• DIRECTIONS FOR THIS TASK:
A letter-for-letter copy of the listing is required, with no pictures in it.
(DATA PROVIDED Opens)
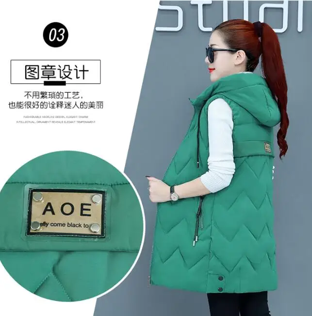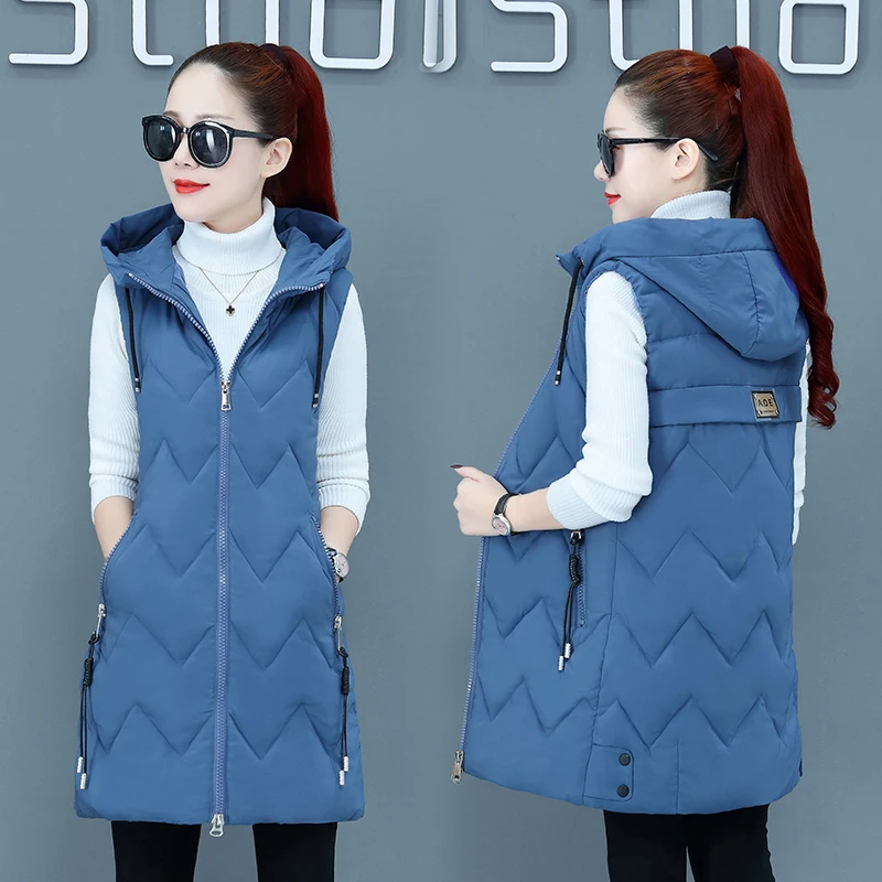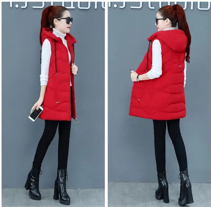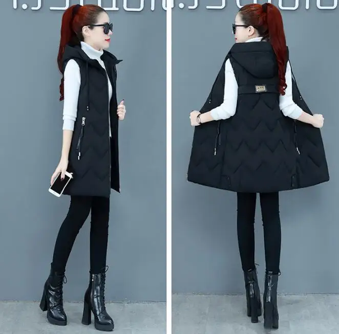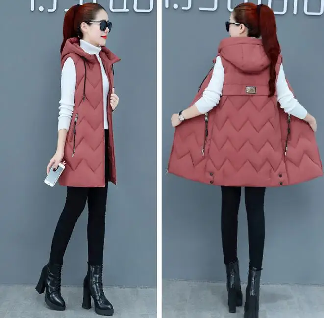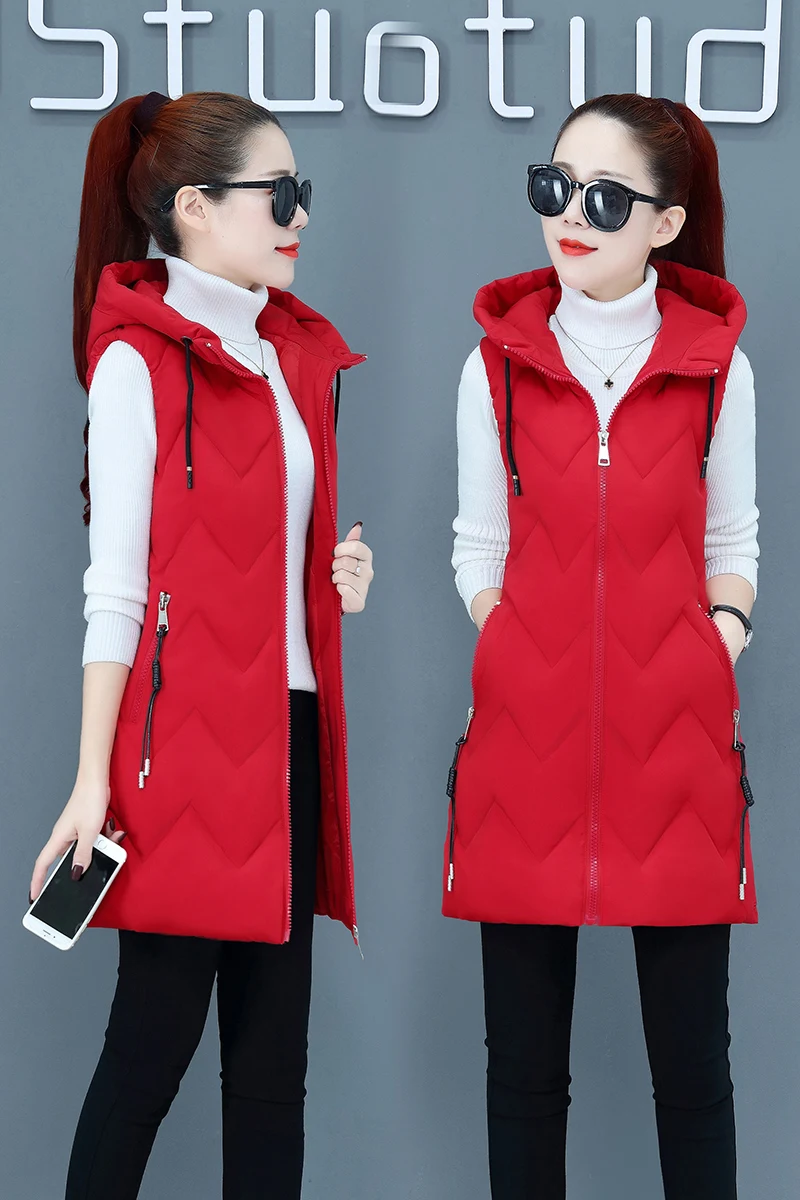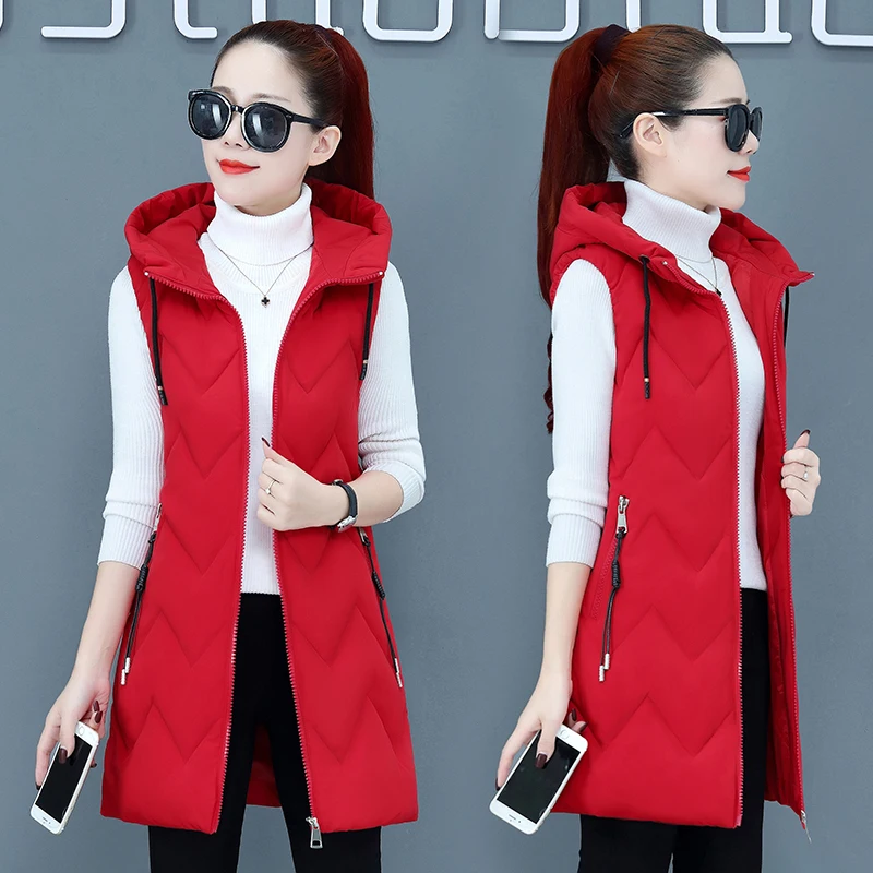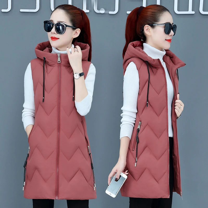 Женский Длинный жилет с воротником-стойкой, Приталенный жилет без рукавов с хлопковой подкладкой, корейский модный жилет на молнии для зимы
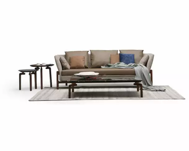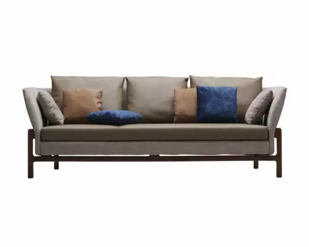 Κομψός τριθέσιος καναπές διαθέτει έναν αρμονικό συνδυασμό υλικών και χρωμάτων που αποπνέουν άνεση και στυλ. Ο σκελετός του καναπέ, κατασκευασμένος από σκούρο ξύλο καρυδιάς, και τα μαξιλάρια ειναι απο δέρμα
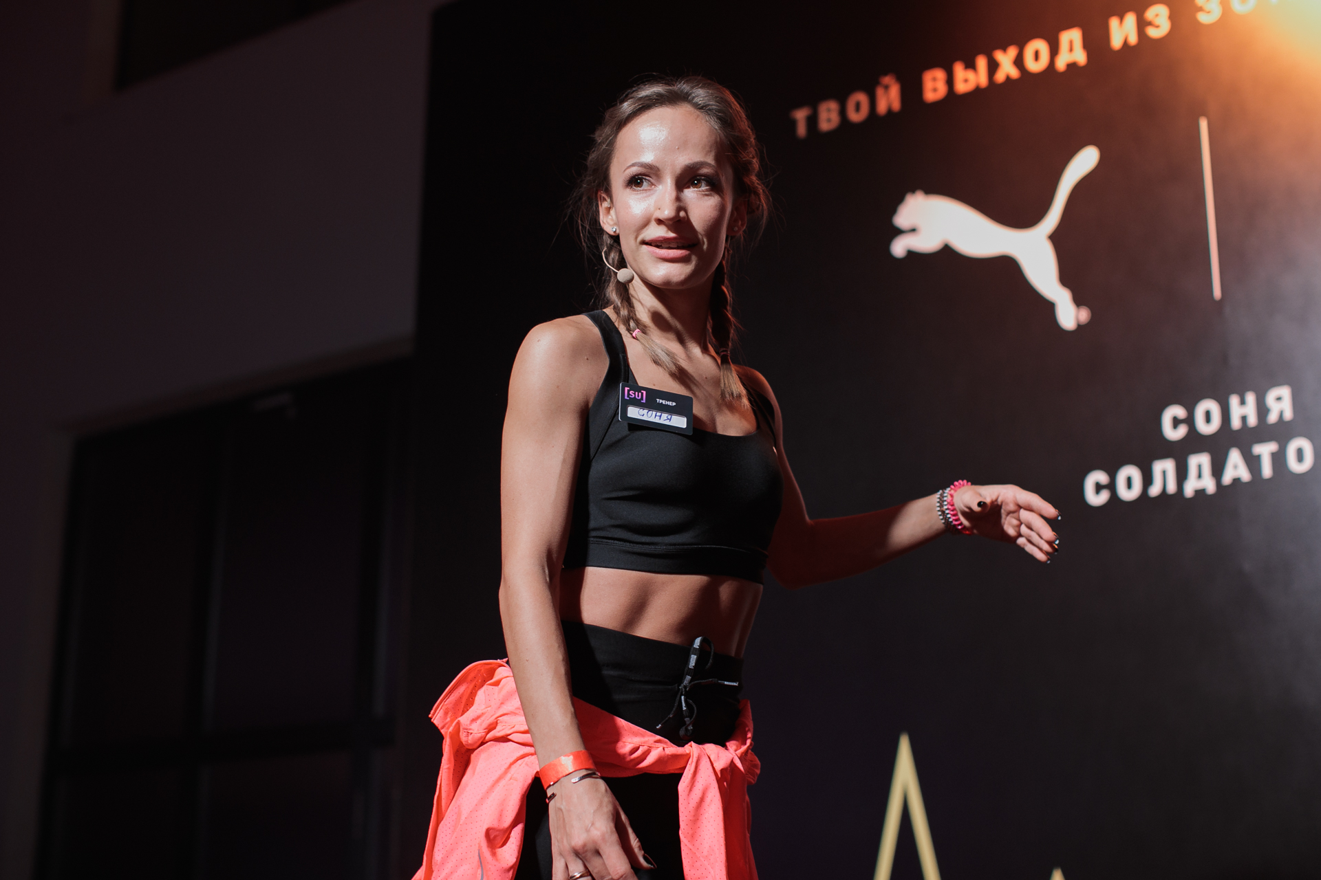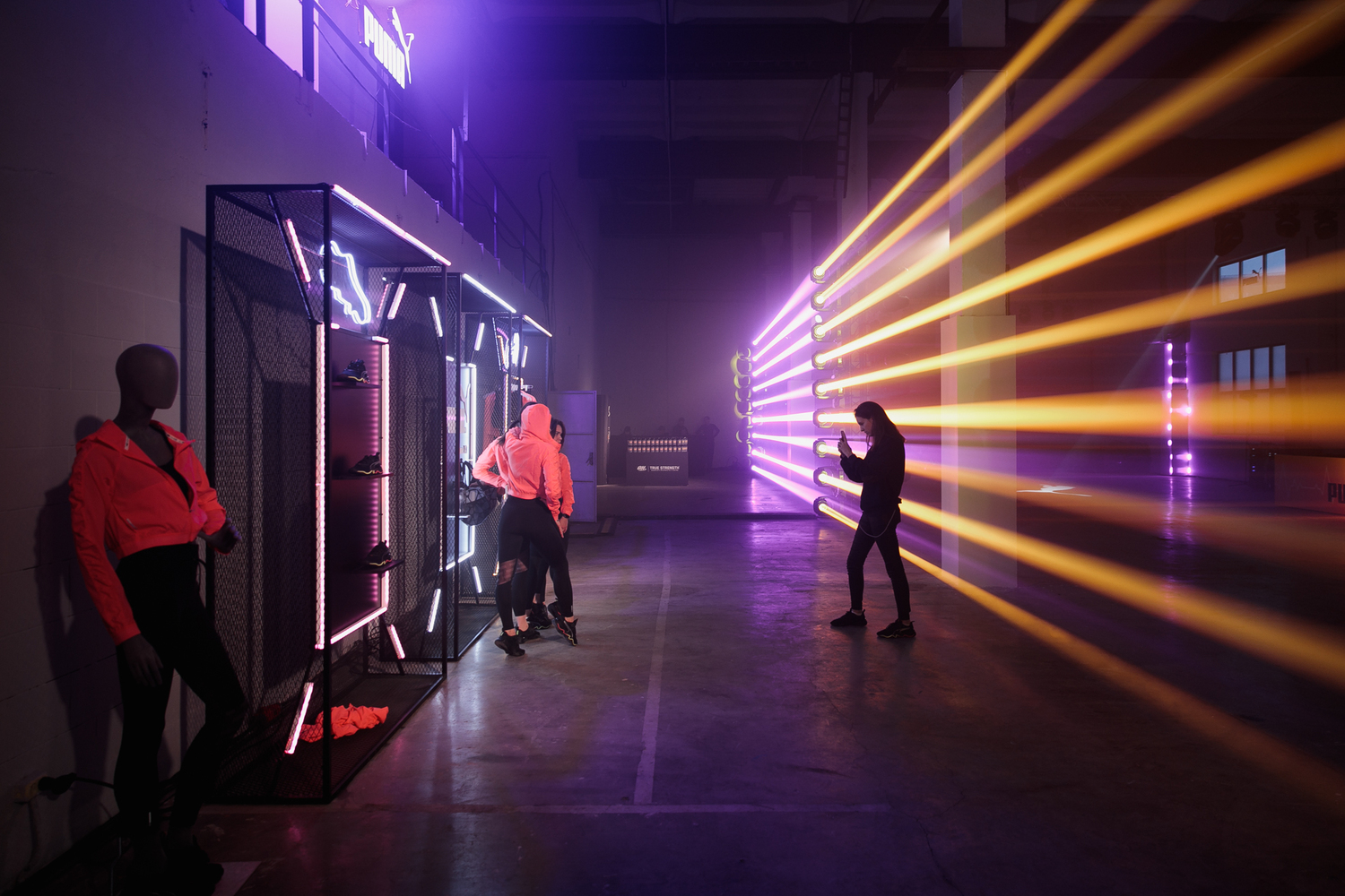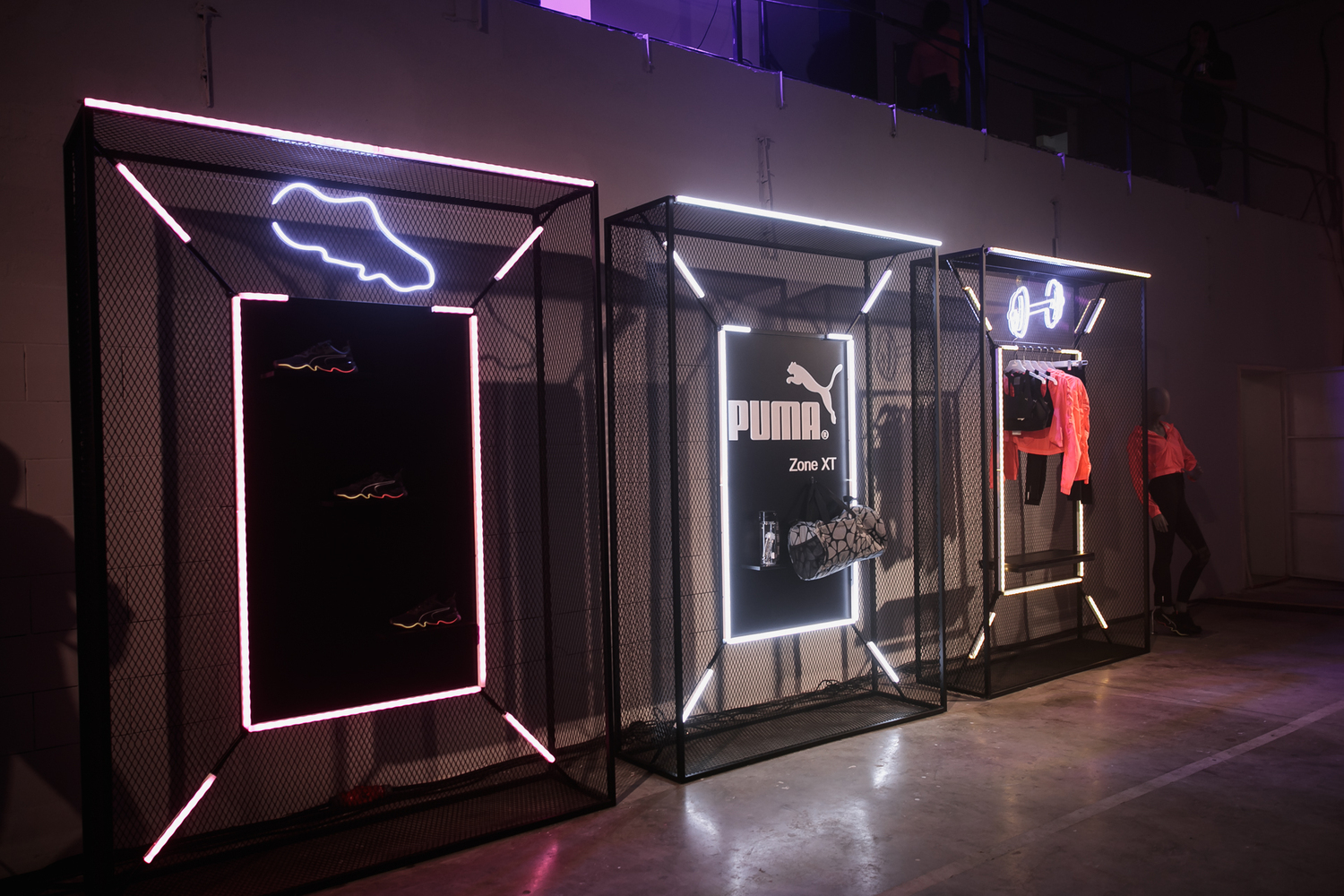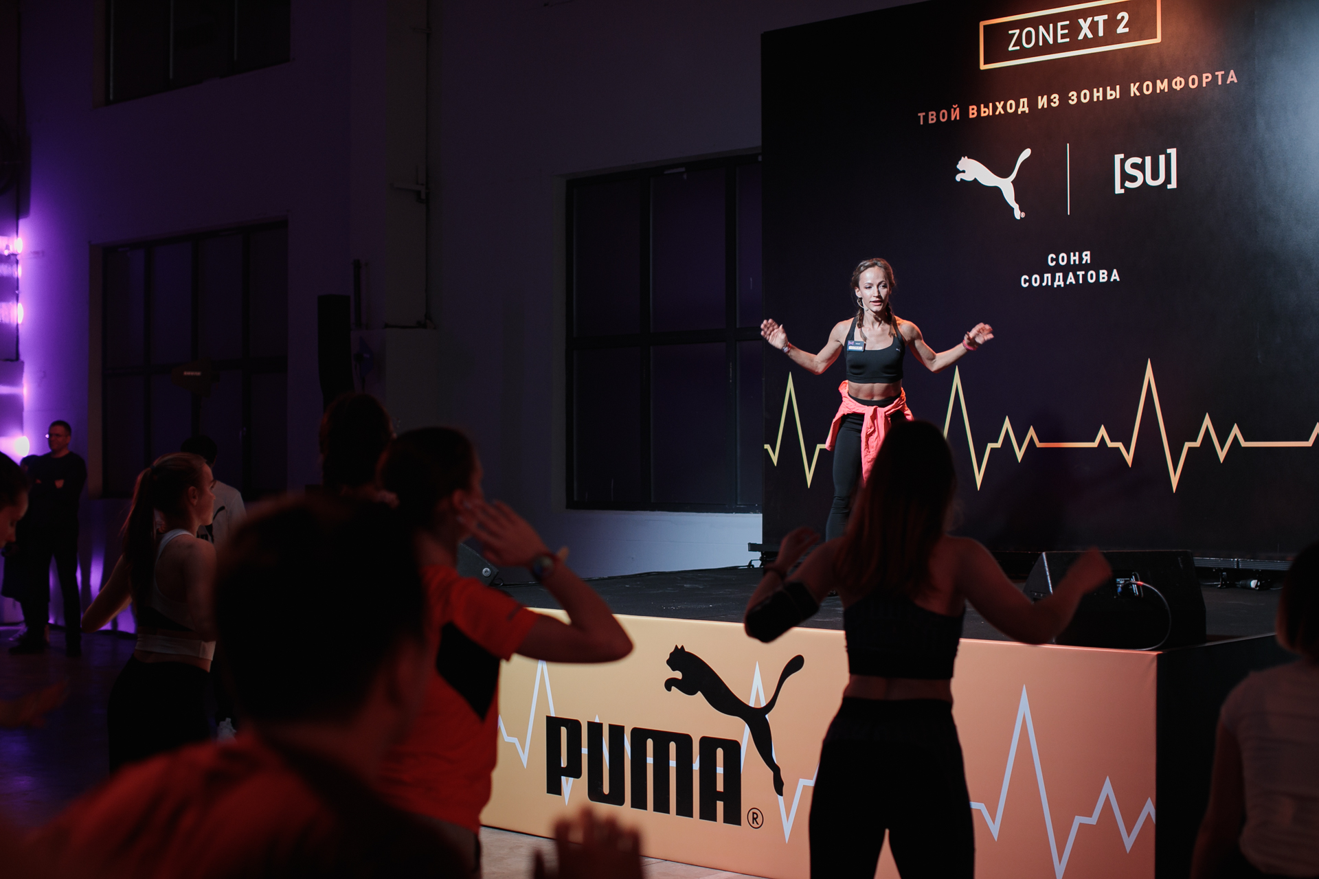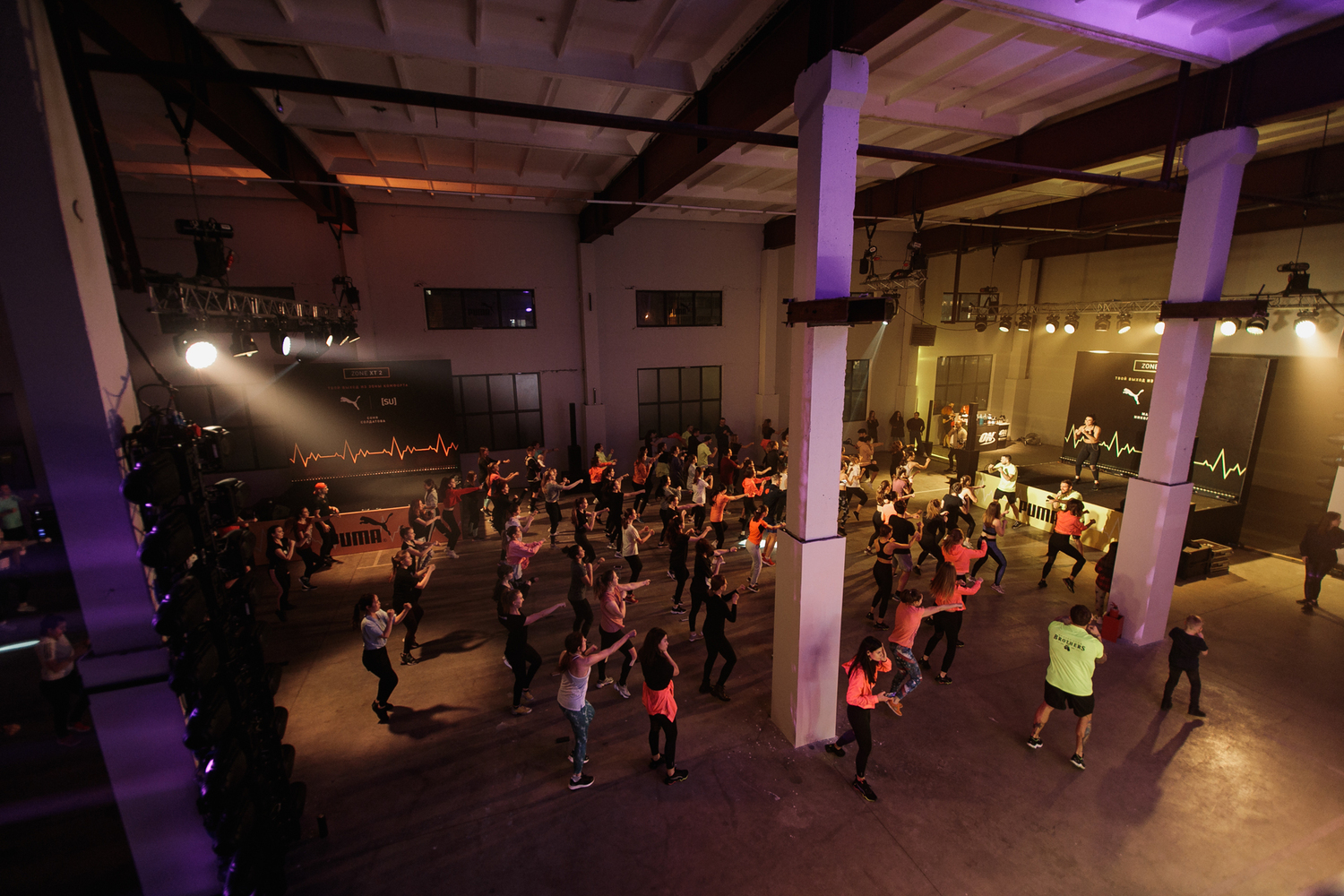За основу мы взяли идею о том, что любая высокоинтенсивная тренировка – это проверка на прочность не только физических возможностей, но и спортивной экипировки. Объединив это с красивой цветовой палитрой PUMA ZXT и трендом на индастриал-стиль, мы построили настоящий андеграундный Boot Camp, состоящий из трех зон для разных уровней физических нагрузок. Каждая зона была отделена от других яркими лазерными лучами и создавала впечатление отдельной спорт-площадки. Под каждый уровень нагрузок была разработана отдельная программа амбассадорами бренда: разминка от Сони Солдатовой, повышение накала во второй зоне от Марии Николаенко и самая интенсивная, завершающая часть XT от Алины Загитовой.
(DATA PROVIDED Closes)
• REPLY:
 Женский Длинный жилет с воротником-стойкой, Приталенный жилет без рукавов с хлопковой подкладкой, корейский модный жилет на молнии для зимы
 Κομψός τριθέσιος καναπές διαθέτει έναν αρμονικό συνδυασμό υλικών και χρωμάτων που αποπνέουν άνεση και στυλ. Ο σκελετός του καναπέ, κατασκευασμένος από σκούρο ξύλο καρυδιάς, και τα μαξιλάρια ειναι απο δέρμα
За основу мы взяли идею о том, что любая высокоинтенсивная тренировка – это проверка на прочность не только физических возможностей, но и спортивной экипировки. Объединив это с красивой цветовой палитрой PUMA ZXT и трендом на индастриал-стиль, мы построили настоящий андеграундный Boot Camp, состоящий из трех зон для разных уровней физических нагрузок. Каждая зона была отделена от других яркими лазерными лучами и создавала впечатление отдельной спорт-площадки. Под каждый уровень нагрузок была разработана отдельная программа амбассадорами бренда: разминка от Сони Солдатовой, повышение накала во второй зоне от Марии Николаенко и самая интенсивная, завершающая часть XT от Алины Загитовой.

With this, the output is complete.